Metadata tells the story around the data. And it’s the story – made up from keywords, titles, description, file format, location, date etc – that can make discovering data and research much easier. If your catalogue has 300,000 entries, there’s no way anyone is ever going to manually look through them all. Search engines match your search terms against keywords in the metadata and rank them accordingly. Without metadata, it'll be very hard to find what you're looking for.
Could you say a metadata catalogue is kind of like a Google search engine?
Yep. Yep. Google is the ultimate metadata catalogue.
How did our metadata catalogue come about?
I’ve been building databases at NIWA since 2006, and Julie Hall [Challenge Director] who also has an interest in this space, gave me a call one day. She saw a need for Sustainable Seas to have a catalogue of the datasets being produced. So, we built a generic data management system for Sustainable Seas, together with two other National Science Challenges – Deep South and Our Land and Water.
We have many different people interested in our work, from researchers, policy makers, Māori partners and stakeholders to local community groups. Can anyone use it?
Anyone with an interest can use the catalogue. It is designed so that anyone should be able to look at the metadata entry and understand what the data is about. In some cases, they can access the actual dataset via a link, or at least who to contact for more information. Some of the datasets can be embargoed or have intellectual property rights associated with them, so the information in the metadata entry can help facilitate a connection with the dataset holder.
If I’m a researcher, why should I care about metadata?
Most scientists are keen to have their work built on by others. Metadata helps other researchers find your data. And conversely, helps researchers find other datasets that can inform their research. There’s an increasing trend for not just scientific publications to be published, but also for data to be published. The research world now is analysing, comparing, and collating emerging datasets, and this can provide us with richer insights and better information [See Editor’s note].

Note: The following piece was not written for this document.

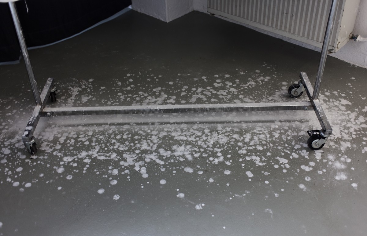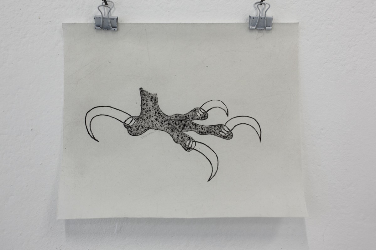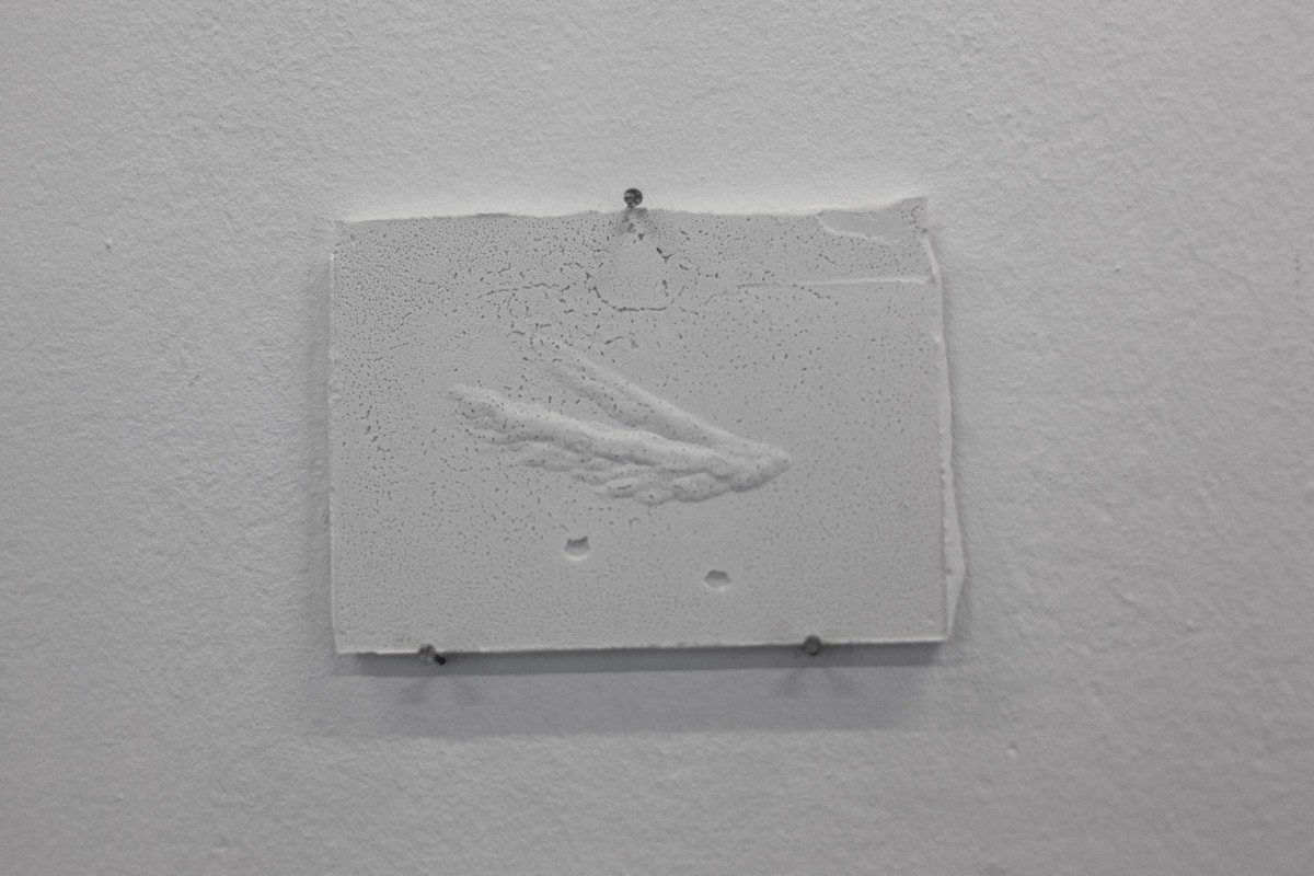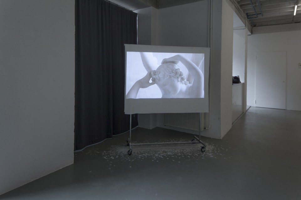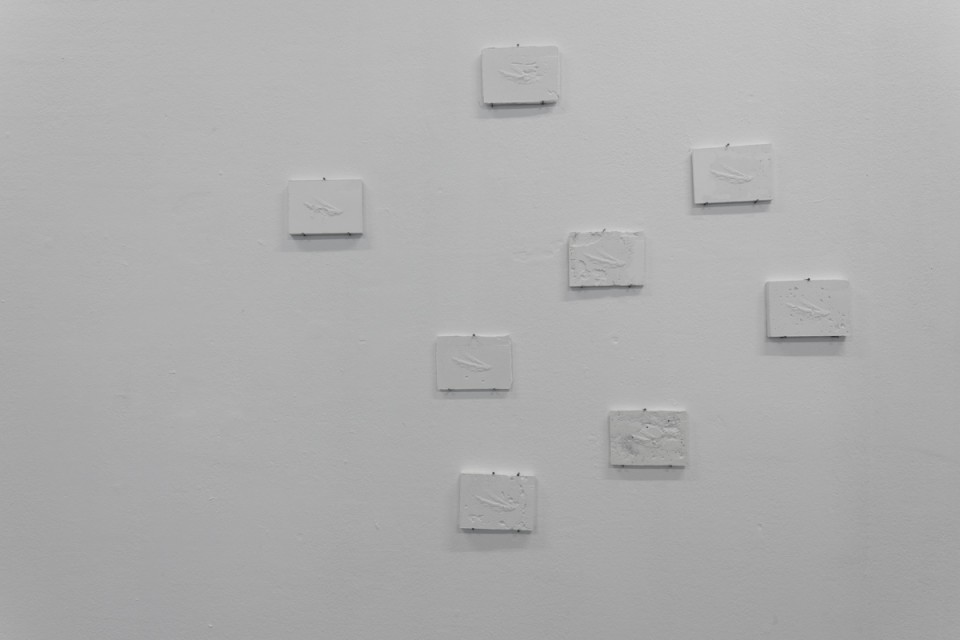 Des expérimentations à la fois gravures et bas-relief tentent de rematérialiser la poudre en minerai. Des photographies, témoins de la destruction environnementale présente, engagent une forme d’activisme par l’image qui surprend ou suspend la surexploitation du minerai. La vidéo confronte l’impossible retour de la sculpture à son lieu d’extraction, mais aussi par son dispositif la poudre et la matière première. Un néon expose une circulation entre amour et roma.

In terms of measuring academic success, it’s not just the number of people citing your paper - there is additional kudos from data reuse citations. Essentially, the 20th century was about publishing papers; 21st century is about publishing data.
Editor’s note: Last year StatsNZ combined data from the 2018 General Social Survey with data from Environment Aotearoa 2019, to compare what New Zealanders thought about the state of our environment with empirical monitoring data. 74% said we have an issue with the state of oceans and sea life, and most cited household waste or sewage/stormwater discharge as the cause. However, the environmental reporting data shows that significant pressures on our marine environment are fishing, pollution, climate change and invasive species.